Если уж говорить об ошибках, начнем с того, что ни один элемент не обнаруживался «впервые» чаще, чем сорок третий. Это было настоящее лохнесское чудовище таблицы Менделеева.
В 1828 году немецкий химик объявил об открытии двух новых элементов – «полиния» и «плурания», один из которых, предположительно, и должен был занять сорок третью клетку периодической системы. Оба этих «элемента» оказались загрязненным иридием. В 1846 году другой немецкий химик открыл «ильмений», оказавшийся на самом деле ниобием. Уже в следующем году кто-то еще открыл «пелопий», также представлявший собой образец ниобия. Наконец в 1869 году искатели сорок третьего элемента получили долгожданную подсказку: Менделеев создал свою таблицу и оставил заманчивый пропуск между сорок вторым и сорок четвертым элементом. Тем не менее работа Менделеева, которая сама по себе была превосходным научным достижением, спровоцировала множество научных ошибок, так как стимулировала ученых разыскивать элементы, которые они уже мысленно себе нарисовали. Через восемь лет после создания таблицы один русский ученый достаточно уверенно записал в сорок третью клетку «открытый» им элемент «дэвий», хотя этот «металл» и весил на пятьдесят процентов больше, чем должен был весить. Позже удалось определить, что за «дэвий» была принята смесь из трех элементов. Наконец, в 1896 году был «открыт» «люций». Уже на заре XX века «отменили» и этот элемент, оказавшийся иттрием.
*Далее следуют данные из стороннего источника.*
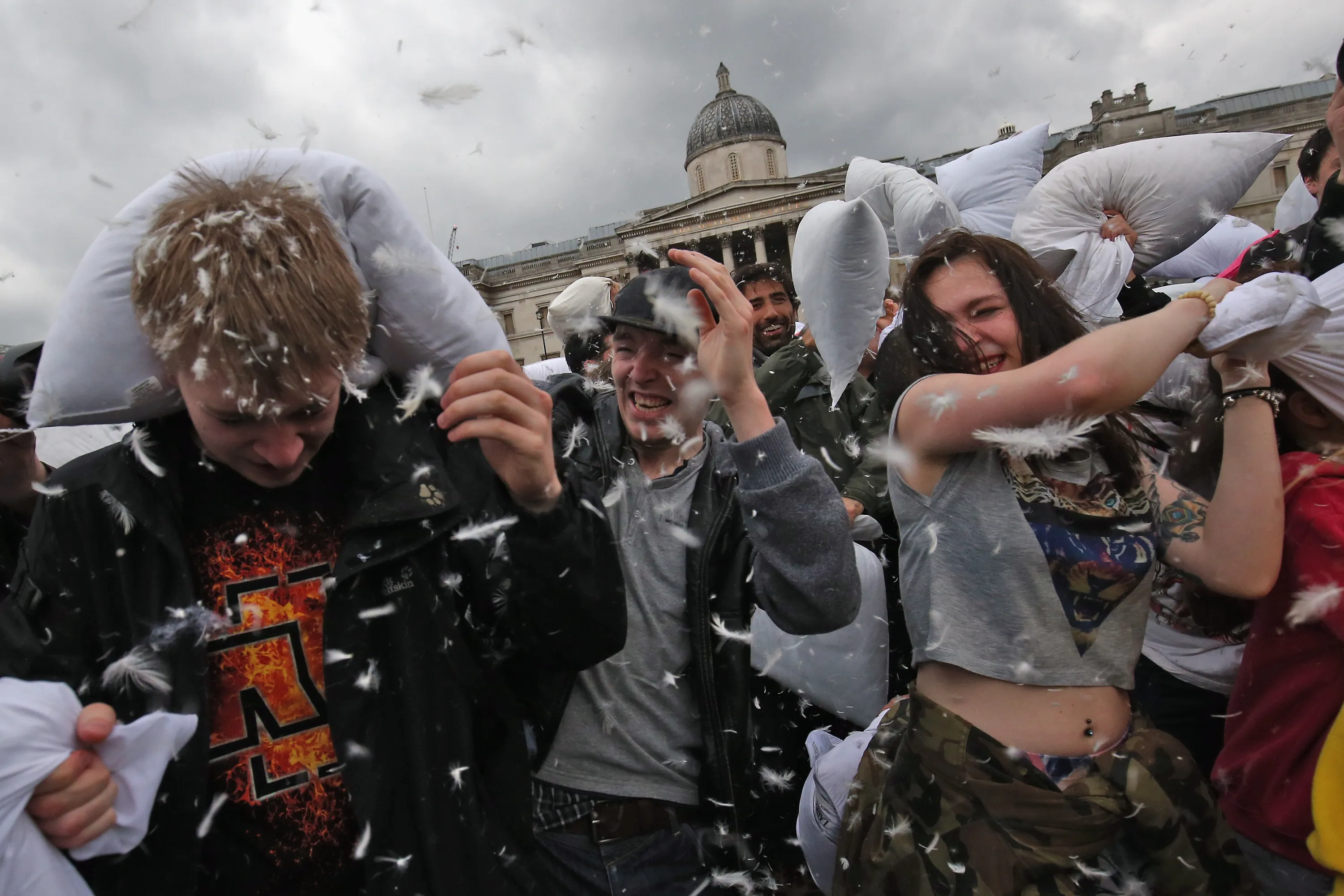Revellers take part in a giant pillow fight in Trafalgar Square on “International Pillow Fight Day” on April 4, 2015 in London, England. (Photo by Dan Kitwood/Getty Images)

В новом веке поиски сорок третьего элемента стали еще более азартными. В 1909 году японец Масатака Огава заявил об открытии элемента, который назвал «ниппонием» в честь своей родины. Все предыдущие фальшивые «сорок третьи» оказывались просто загрязненными образцами или открытыми ранее рассеянными элементами. Но Огава действительно открыл новый элемент, только не тот, который искал. В погоне за сорок третьим элементом японец просто проигнорировал другие пробелы в таблице. Когда же его находка не подтвердилась, Огава устыдился и просто забросил эту работу. Лишь в 2004 году его соотечественник перепроверил данные Огавы и пришел к выводу, что тому удалось впервые выделить рений, семьдесят пятый элемент, даже не подозревая об этом. В 1909 году рений еще оставался неизвестным. Если попытаться задуматься, как же расценивать открытие Огавы – как повод для посмертного признания за совершенное открытие (ведь что-то он открыл!) либо как повод еще сильнее досадовать из-за этой драматической ошибки, – то вопрос переходит в плоскость «стакан наполовину пуст» или «стакан наполовину полон».
Бесспорное открытие семьдесят пятого элемента произошло в 1925 году. Это сделали сразу три немецких химика – Отто Берг и супружеская пара Вальтер и Ида Ноддаки. Они назвали новый металл рением в честь реки Рейн. В то же время они объявили и еще об одном открытии, «застолбив» сорок третью клетку. В нее они поместили элемент, который назвали «мазурием» в честь исторической области в Пруссии. Учитывая, что примерно десятилетием ранее национализм разрушил старую Европу, другие ученые прохладно восприняли инициативу этих «тевтонцев». Названия казались даже шовинистическими – ведь именно на Рейне и в Мазурии Германия одержала наиболее крупные победы в годы минувшей мировой войны. На всем континенте зародился научный «заговор», целью которого было дискредитировать открытия немцев. Данные по рению казались безупречными, поэтому скептики сосредоточились на гораздо более фрагментарной работе, связанной с «мазурием». Некоторые современные ученые не исключают, что немцы действительно могли открыть сорок третий элемент, но в статье немецкого трио о мазурии содержатся грубые ошибки – в частности, объем полученного «мазурия» оказался завышен в тысячи раз. В результате ученые, уже относившиеся с подозрением ко всем новым заявлениям об открытии сорок третьего элемента, объявили это открытие недействительным.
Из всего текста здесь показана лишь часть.